What is required:
Starting with the line that contains "Внутреннее отделение сумки", copy each line exactly through the end of the listing, and omit all pictures.
═════ Source material ═════
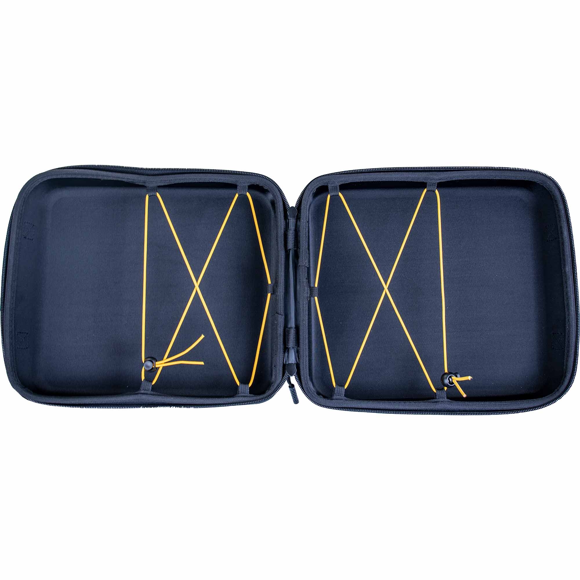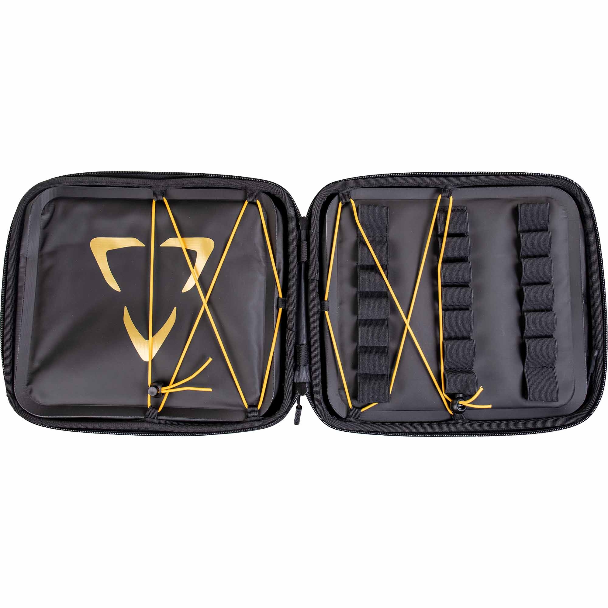 Der Koffer besteht aus dem Außenkoffer, inkl. Markierer- und Werkzeug-Innentaschen. Auf der Werkzeugtasche befinden sich dehnbare Schlaufen, um den Lauf und weitere Inserts sicher verstauen und transportieren zu können.
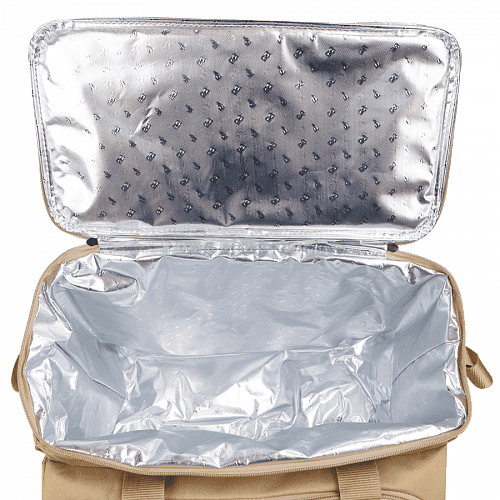Внутреннее отделение сумки выполнено из специального ПВХ-материала PEVA, который легко моется, является водонепроницаемым и прекрасно выполняет свои функции термоизоляции.
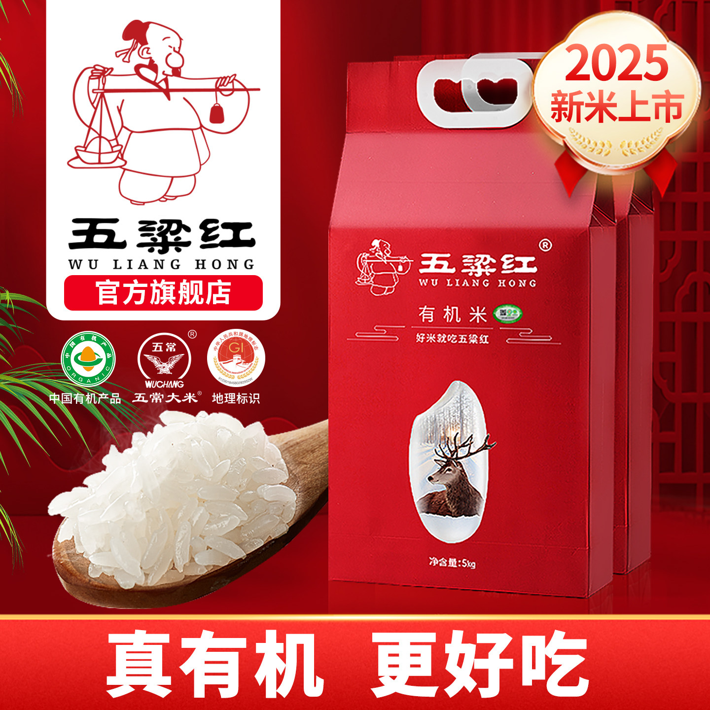 -> 2025新米五梁红正宗特等有机五常大米5kg*2原粮稻花香2号东北大米
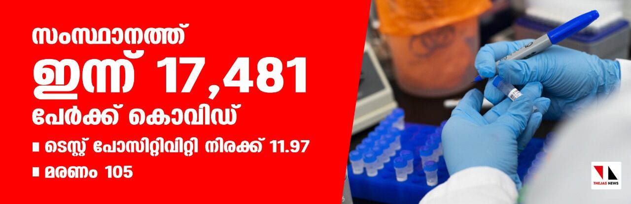 ഇന്ന് 17,481 പേര്ക്ക് കൊവിഡ്; മരണം 105, ടെസ്റ്റ് പോസിറ്റിവിറ്റി നിരക്ക് 11.97
═════
Exercise answer:
Внутреннее отделение сумки выполнено из специального ПВХ-материала PEVA, который легко моется, является водонепроницаемым и прекрасно выполняет свои функции термоизоляции.
 -> 2025新米五梁红正宗特等有机五常大米5kg*2原粮稻花香2号东北大米
 ഇന്ന് 17,481 പേര്ക്ക് കൊവിഡ്; മരണം 105, ടെസ്റ്റ് പോസിറ്റിവിറ്റി നിരക്ക് 11.97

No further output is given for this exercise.